Dr D'Silva's in Dadar
Dadar is a sprawling part of Mumbai and comprises residences, small businesses and some textile mills. Dr D'Silva Road in Dadar is an extraordinary example of how unpretentious businesses and self-employed retailers continually and dynamically respond to shifts in demand and supply. A time series analysis of these businesses shows that their practitioners have managed discontinuity and stress better than the big businesses in Mumbai. Owners of small businesses have remained in business though their businesses have changed in content and character. A formal doctorate dissertation in management has often been regarded as a prerequisite for becoming a management guru.
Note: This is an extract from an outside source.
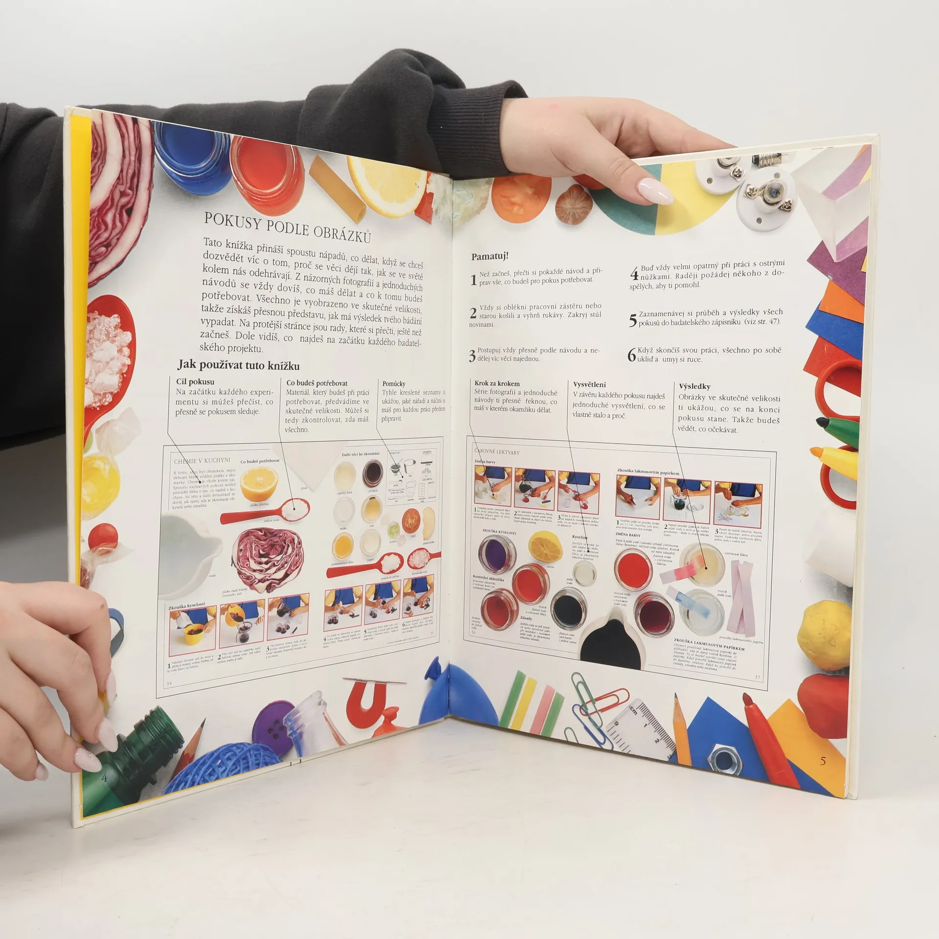 V knize jsou popisovány a názorně předváděny základní pokusy, pravidla.

Owners and employees of these businesses have been their own gurus and may qualify for doctorate degrees in economic analysis, logistics, supply chain management, customer relations and, above all, in financial management. Dr D'Silva, perhaps a physician who loved to care for the sick, would have been most willing to award them doctorate degrees because they have remained close to a colourful mosaic of local customers with poor to modest means.
Scaling up in style
Six-Sigma lunchbox delivery and customer-focussed merchants demonstrate the power of the will to act on domestic demand and to build volumes even while accepting uncomplainingly an indifferent and insensitive public infrastructure. Commonsense and conscientiousness drive their successes. Business is a mundane activity that thrives less on intellectual piety than on the vigorous acceptance of the primacy of behaviour aimed at satisfying customers. Such simplification does not undermine the importance of formal education. It is more than likely that the lunchbox delivery system evolved gradually over time and that it can be put into practice faster with a formal education in business management. Such formality would necessarily have to shun the intellectual exuberance of theorising but focus on the nuances and complexities of structuring and running businesses. It has to confront the likely facts associated with economic analysis, customer relations and competition. The opportunities and need for formal business education are immense in countries such as India. However, the reputed business schools are too comfortable with their small graduating classes and certain incomes. They would incur huge costs if they had to scale up and expand to locations outside their present location. Moreover, graduating students from the reputed business schools have become unaffordable to domestic businesses. With the objective of meeting India's big demand for quality education in business management, the ICFAI Foundation has established the Icfaian Business Schools (IBS) in eight Indian cities. It has `scaled up' while others have not. It delivers the same high quality at all locations. It has done more. It has written a large number of original and contemporary 'cases' in management. These cases are used in its classrooms and have been included in the European Case Clearing House. No other business school has this distinction.
Cases for emulation
Cases are important because business is a mundane activity. Commonsense, conscientiousness and the acceptance of the primacy of the customer drive success in business. The Six-Sigma lunchbox delivery system, Dr D'Silva Road and IBS are cases. They forcefully reinforce the ideas of Professor Prahalad. The Central and State Governments could emulate these. They could accept the primacy of the citizen as the customer, they could scale up and deliver `right' everywhere, and practise the 24x7 model every hour, every day like the soldiers at the border. They could aspire to achieve 97 per cent perfection or Three-Sigma service levels. They could walk the talk because intellectual piety is not a good idea. It never was. (The author is a financial analyst.)